I just wanted to draw my favorite snake.
I classify snakes in the same group as birds, scorpions, and spiders: organisms that have beaks, pinchers, or unpredictable attack patterns that leave me constantly anxious of their possible attack. What makes snakes even more terrifying is how calm they always appear to be. They’re just resting there, all coiled up in a heap, like a docile gardening hose. Except they may or may not be poisonous. And they may or may not bite you if you get too close. It’s the kind of non-fun gambling even Las Vegas would not allow.

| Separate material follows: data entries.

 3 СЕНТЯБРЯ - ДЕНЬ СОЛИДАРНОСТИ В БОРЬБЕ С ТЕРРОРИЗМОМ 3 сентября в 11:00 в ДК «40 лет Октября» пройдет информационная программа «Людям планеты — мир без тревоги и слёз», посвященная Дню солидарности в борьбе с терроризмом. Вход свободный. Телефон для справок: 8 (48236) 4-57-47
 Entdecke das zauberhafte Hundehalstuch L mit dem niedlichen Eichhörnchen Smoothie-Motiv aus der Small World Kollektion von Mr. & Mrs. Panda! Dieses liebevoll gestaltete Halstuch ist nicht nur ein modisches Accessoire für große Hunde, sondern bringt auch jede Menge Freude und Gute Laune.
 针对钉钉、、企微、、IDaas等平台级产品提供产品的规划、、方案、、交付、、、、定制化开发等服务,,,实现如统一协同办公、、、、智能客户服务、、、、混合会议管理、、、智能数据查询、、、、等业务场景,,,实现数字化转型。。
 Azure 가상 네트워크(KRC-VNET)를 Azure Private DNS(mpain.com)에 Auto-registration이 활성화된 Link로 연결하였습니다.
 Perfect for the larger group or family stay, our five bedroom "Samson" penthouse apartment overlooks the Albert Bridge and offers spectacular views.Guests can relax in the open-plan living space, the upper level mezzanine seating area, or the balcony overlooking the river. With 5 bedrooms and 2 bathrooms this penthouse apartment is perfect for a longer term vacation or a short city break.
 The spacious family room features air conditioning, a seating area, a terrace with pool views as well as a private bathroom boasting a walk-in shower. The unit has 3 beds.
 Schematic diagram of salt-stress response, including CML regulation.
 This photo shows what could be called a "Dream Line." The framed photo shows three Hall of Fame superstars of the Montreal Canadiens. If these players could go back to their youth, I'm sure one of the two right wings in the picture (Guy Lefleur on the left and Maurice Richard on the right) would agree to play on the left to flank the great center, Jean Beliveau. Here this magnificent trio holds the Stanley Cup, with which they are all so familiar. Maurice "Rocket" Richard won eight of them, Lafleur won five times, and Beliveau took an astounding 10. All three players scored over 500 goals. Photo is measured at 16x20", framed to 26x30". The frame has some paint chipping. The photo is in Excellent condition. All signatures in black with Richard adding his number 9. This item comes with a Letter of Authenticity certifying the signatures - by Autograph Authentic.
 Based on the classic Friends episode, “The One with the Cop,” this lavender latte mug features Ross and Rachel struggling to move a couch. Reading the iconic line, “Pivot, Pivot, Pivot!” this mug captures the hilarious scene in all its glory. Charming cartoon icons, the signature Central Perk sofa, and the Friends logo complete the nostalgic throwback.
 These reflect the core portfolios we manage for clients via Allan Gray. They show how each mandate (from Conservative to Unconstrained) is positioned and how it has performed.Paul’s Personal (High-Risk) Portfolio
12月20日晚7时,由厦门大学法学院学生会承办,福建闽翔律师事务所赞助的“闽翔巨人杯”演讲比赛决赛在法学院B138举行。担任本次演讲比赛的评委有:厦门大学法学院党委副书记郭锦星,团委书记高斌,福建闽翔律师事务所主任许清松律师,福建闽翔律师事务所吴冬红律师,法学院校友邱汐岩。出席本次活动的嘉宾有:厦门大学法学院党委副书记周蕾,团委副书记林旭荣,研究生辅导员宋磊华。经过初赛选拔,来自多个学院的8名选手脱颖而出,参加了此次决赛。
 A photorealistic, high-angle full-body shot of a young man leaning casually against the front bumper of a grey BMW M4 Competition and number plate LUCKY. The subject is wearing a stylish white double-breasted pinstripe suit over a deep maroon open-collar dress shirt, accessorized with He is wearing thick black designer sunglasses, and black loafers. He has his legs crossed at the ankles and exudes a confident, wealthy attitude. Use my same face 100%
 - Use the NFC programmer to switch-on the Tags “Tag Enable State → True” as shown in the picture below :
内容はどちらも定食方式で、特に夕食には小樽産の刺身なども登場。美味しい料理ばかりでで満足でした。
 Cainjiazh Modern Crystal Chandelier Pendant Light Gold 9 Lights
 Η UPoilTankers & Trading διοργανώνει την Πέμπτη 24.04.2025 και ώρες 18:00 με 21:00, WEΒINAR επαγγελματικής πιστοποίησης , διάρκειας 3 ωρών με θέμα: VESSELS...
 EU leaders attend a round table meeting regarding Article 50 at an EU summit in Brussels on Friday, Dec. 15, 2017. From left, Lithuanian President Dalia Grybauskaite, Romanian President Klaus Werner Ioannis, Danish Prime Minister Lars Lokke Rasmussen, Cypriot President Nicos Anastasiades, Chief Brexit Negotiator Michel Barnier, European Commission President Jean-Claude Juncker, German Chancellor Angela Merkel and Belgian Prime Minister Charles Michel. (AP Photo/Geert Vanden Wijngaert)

Kaa’s last appearance, in Disney’s 2016 CGI-soaked remake, held none of the hypnotic power of the 1967 version. In a misguided attempt at hyperreality, Jon Favreau and his team put Kaa in muddy green shadows, making any distinctive features possible to locate. To me, it’s a very similar comparison in looking at the original 1986 Transformers animated film, with its simple, understandable silhouettes and shapes and any of five(??) CGI-laden Transformers movies, in which Michael Bay often bragged about the 20,000-some moving parts the ILM animators kept track of, never recognizing how his quick shooting style made it impossible to appreciate or even understand any of all that detail. You still hear people talk about the traumatic death of Optimus Prime in the original animated film. I have not heard of one recent Transformers memorialized in anything but a GIF.
Perhaps that should be the lesson: if you want to make an impact, keep it simple. Give people distinguishing figures they can empathize with and be drawn into. Before the emotion of it all unexpectedly attacks them.